Worth making a management command out of this script?

On a related note, the update_topics management command should probably be deleted, along with some old mapping files under learning_resources/data (edx-topic-mappings.csv, ucc-topic-mappings.csv).

I culled the old data files.

I also updated the update_topics to be a front-end to those functions. I didn't do this initially because I didn't want to encourage people to use the management command to update the data (this should be done with a data migration) but after some thought it would be handy to have for generating the files for migrations.

mbertrand · 2024-07-24T13:41:31Z

learning_resources/data/README-topics.md

+Use the `data_fixtures` app. Create a migration there that calls `RunPython` and calls one of the upsert functions (both in `learning_resources/utils.py`):
+
+- `upsert_topic_data_file` - if you've got an external file of changes
+- `upsert_topic_data_string` - if you've got a string instead


Will have to be careful that no breaking changes are made to these functions in the future (or that older migrations using them are updated) to avoid errors when running all data fixture migrations on a fresh database.

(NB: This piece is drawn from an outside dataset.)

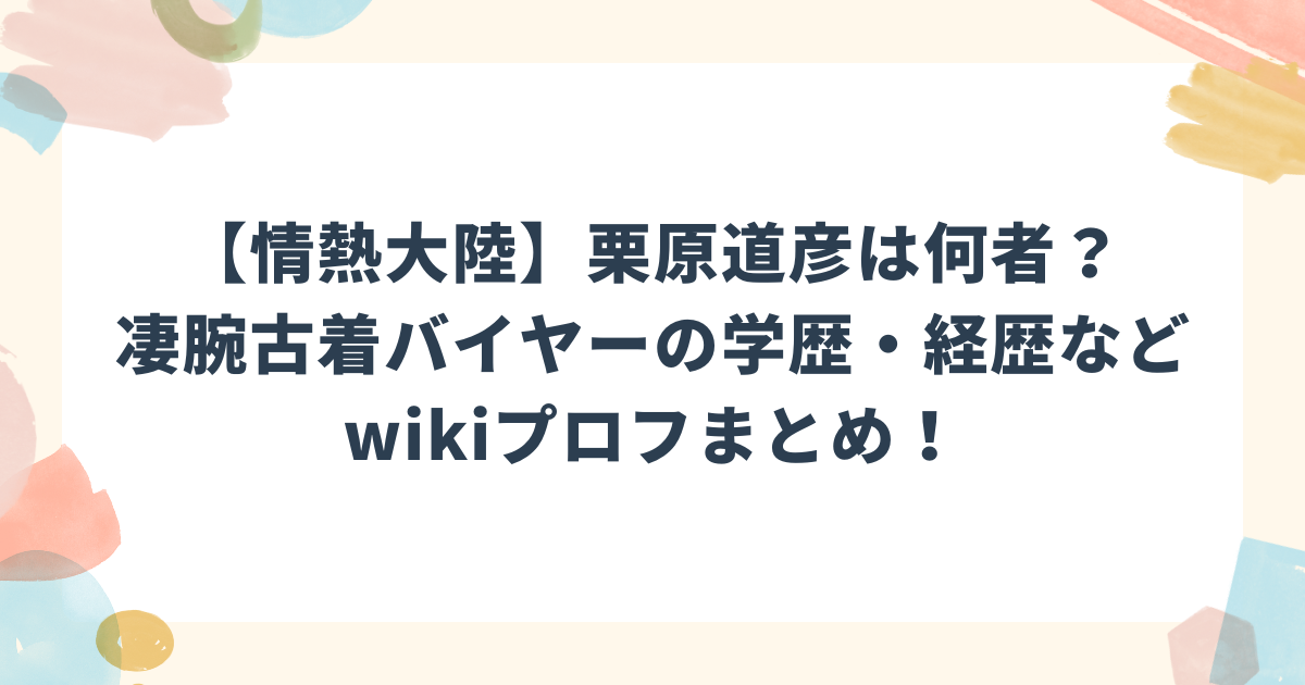 栗原道彦のこれまでの経歴を時系列で紹介!

mbertrand · 2024-07-24T13:43:45Z

learning_resources/data/topics.yaml

+        icon: RiPaletteLine
+        id: 3
+        mappings: {}
+        name: Environmental Deisgn


Typo: Environmental Design

Originating from the csv file?

mbertrand · 2024-07-24T13:56:49Z

learning_resources/data/topics.yaml

+            - Drama
+            - Fiction
+            - International Literature
+            - Nonfiction Prose *Periodic Literature


Is asterisk supposed to be there?

Yes. (@pdpinch this is in the spreadsheet on row 196 - I don't know who to ask about this but it seems a bit out of place.)

mbertrand · 2024-07-24T13:59:22Z

learning_resources/migrations/0058_merge_icon_mappings_and_prices.py

+    dependencies = [
+        ("learning_resources", "0057_add_icon_and_mappings_to_topics"),
+        ("learning_resources", "0057_learningresource_next_prices"),
+    ]


Since this hasn't been merged yet, might be better to rename 0057_add_icon_and_mappings_to_topics to 0058_add_icon_and_mappings_to_topics and delete this one.

mbertrand · 2024-07-24T14:00:58Z

learning_resources/models.py

+    offeror = models.ForeignKey(
+        "LearningResourceOfferor",
+        on_delete=models.CASCADE,
+        related_name="+",


Is there a reason for using "+" as the related name for these?

I wanted to avoid having these show up elsewhere - the only part of the app that should care about the mappings is the ETL pipelines so I didn't want mappings to show up in, say, APIs because someone used fields = "__all__".

mbertrand · 2024-07-24T15:27:03Z

learning_resources/models.py

        return topic_detail.channel.channel_url if topic_detail is not None else None

+    @cached_property
+    def full_name(self):


This doesn't seem to be used anywhere, maybe it can be removed?

mbertrand · 2024-07-24T15:51:05Z

data_fixtures/migrations/0004_upsert_initial_topic_data.py

+        migrations.RunSQL(
+            sql=[
+                (
+                    "TRUNCATE learning_resources_learningresourcetopic "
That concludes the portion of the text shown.